Stored items
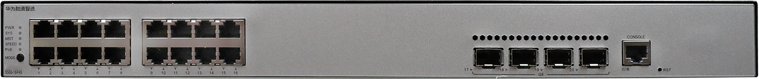 S500-16P4S(16个10/100/1000BASE-T以太网端口,4个千兆SFP,PoE+,交流供电)
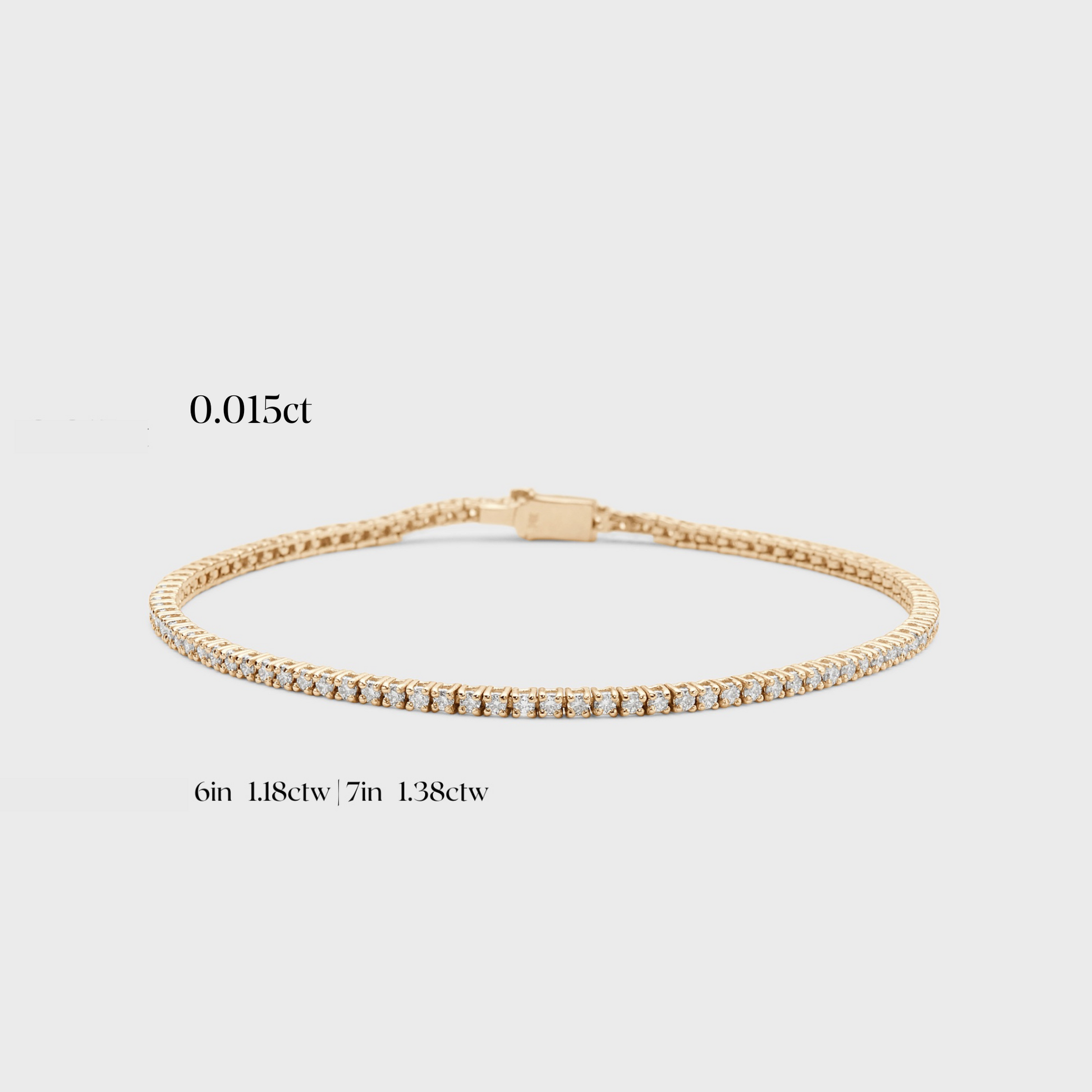 - Total carat weight based on 0.015ct: 6” = 1.18ctw | 6.5” = 1.28ctw |7” = 1.38ctw | 7.5” = 1.48ctw*
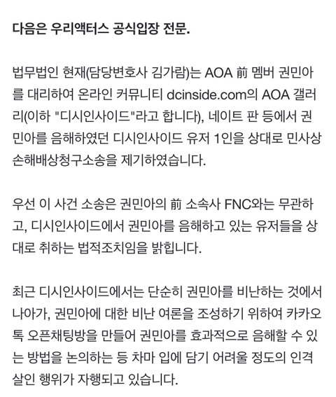 권민아 소속사에서 판에 글쓴사람 소송제기했대
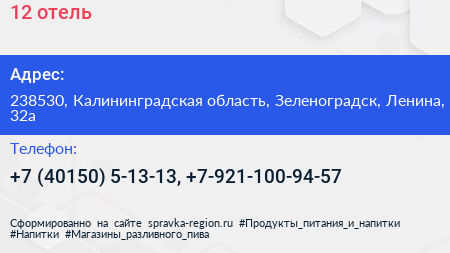 12, отель по адресу 238530, Калининградская область, Зеленоградск, Ленина, 32а в дальнейшем Организация, размещена в следующих категориях:
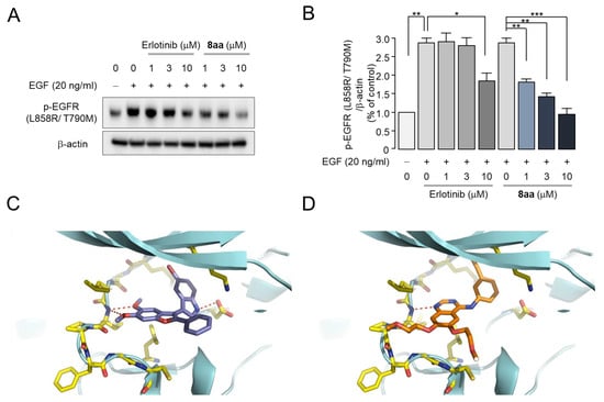 Effect of erlotinib and 8aa on EGFRL858R/T790M. (A) H1975 cells were pretreated with erlotinib and 8aa at the indicated concentrations for 6 h, and then EGF (20 ng/mL) was treated for 30 min. (B) p-EGFR (L858R/T790M) band intensities were normalized to β-actin (mean ± S.E., n = 3). (C) A structural simulation of the 8aa complex showed that some residues (yellow stick) were involved in binding with 8aa (purple—carbon) red dot hydrogen bonds (Met793 and Asp855). (D) A docking model of erlotinib (orange—carbon) established by using the co-crystal structures of EGFRL858R/T790M (4I22.pdb). * p < 0.05; ** p < 0.01; *** p < 0.001.
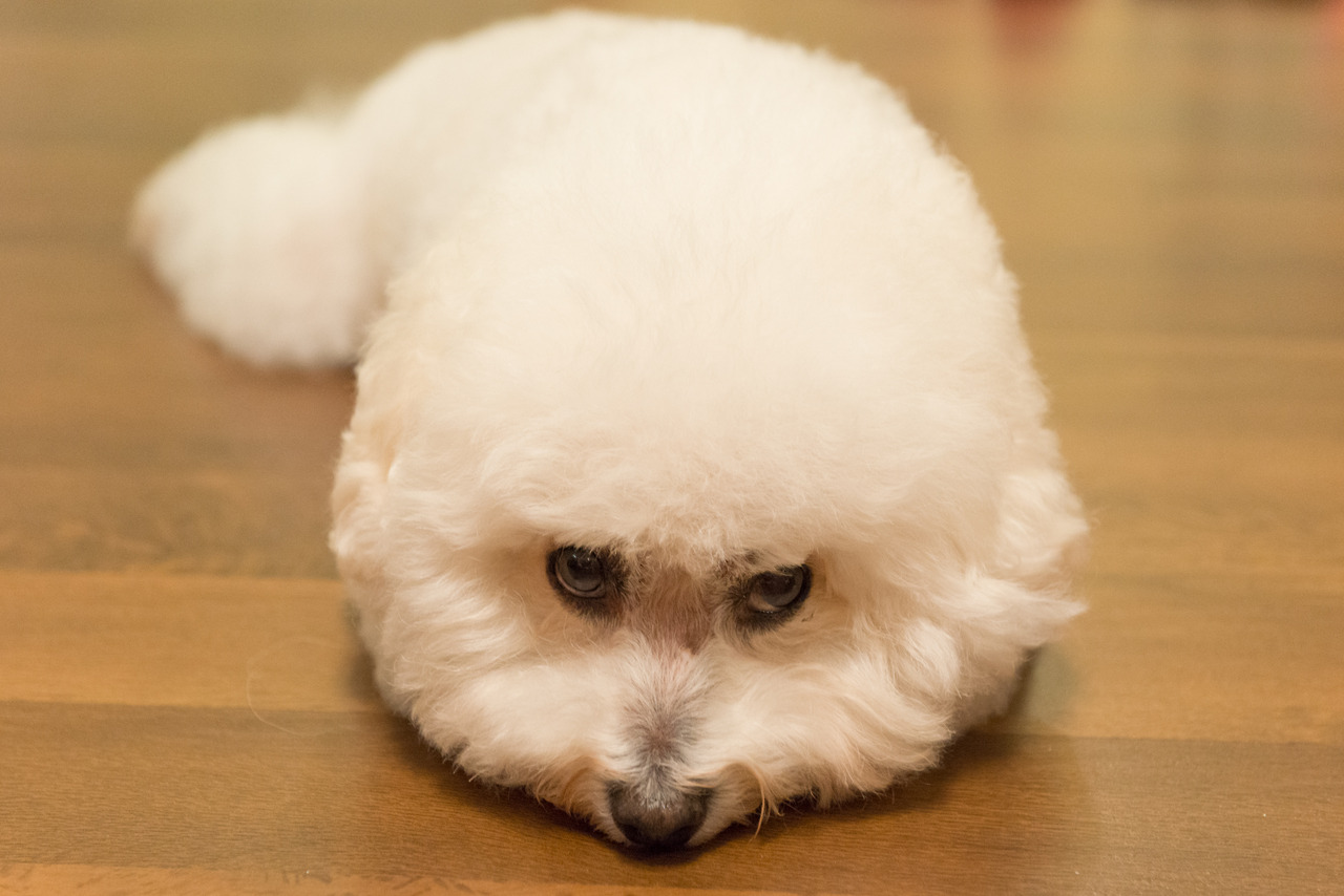 My 12 year old Bichon Frise Chloe being a space worm

» **AIM OF THE EXERCISE**
Each entry gets copied exactly; the pictures stay out.

» **TASK OUTPUT**
 S500-16P4S(16个10/100/1000BASE-T以太网端口,4个千兆SFP,PoE+,交流供电)
 - Total carat weight based on 0.015ct: 6” = 1.18ctw | 6.5” = 1.28ctw |7” = 1.38ctw | 7.5” = 1.48ctw*
 권민아 소속사에서 판에 글쓴사람 소송제기했대
 12, отель по адресу 238530, Калининградская область, Зеленоградск, Ленина, 32а в дальнейшем Организация, размещена в следующих категориях:
 Effect of erlotinib and 8aa on EGFRL858R/T790M. (A) H1975 cells were pretreated with erlotinib and 8aa at the indicated concentrations for 6 h, and then EGF (20 ng/mL) was treated for 30 min. (B) p-EGFR (L858R/T790M) band intensities were normalized to β-actin (mean ± S.E., n = 3). (C) A structural simulation of the 8aa complex showed that some residues (yellow stick) were involved in binding with 8aa (purple—carbon) red dot hydrogen bonds (Met793 and Asp855). (D) A docking model of erlotinib (orange—carbon) established by using the co-crystal structures of EGFRL858R/T790M (4I22.pdb). * p < 0.05; ** p < 0.01; *** p < 0.001.
 My 12 year old Bichon Frise Chloe being a space worm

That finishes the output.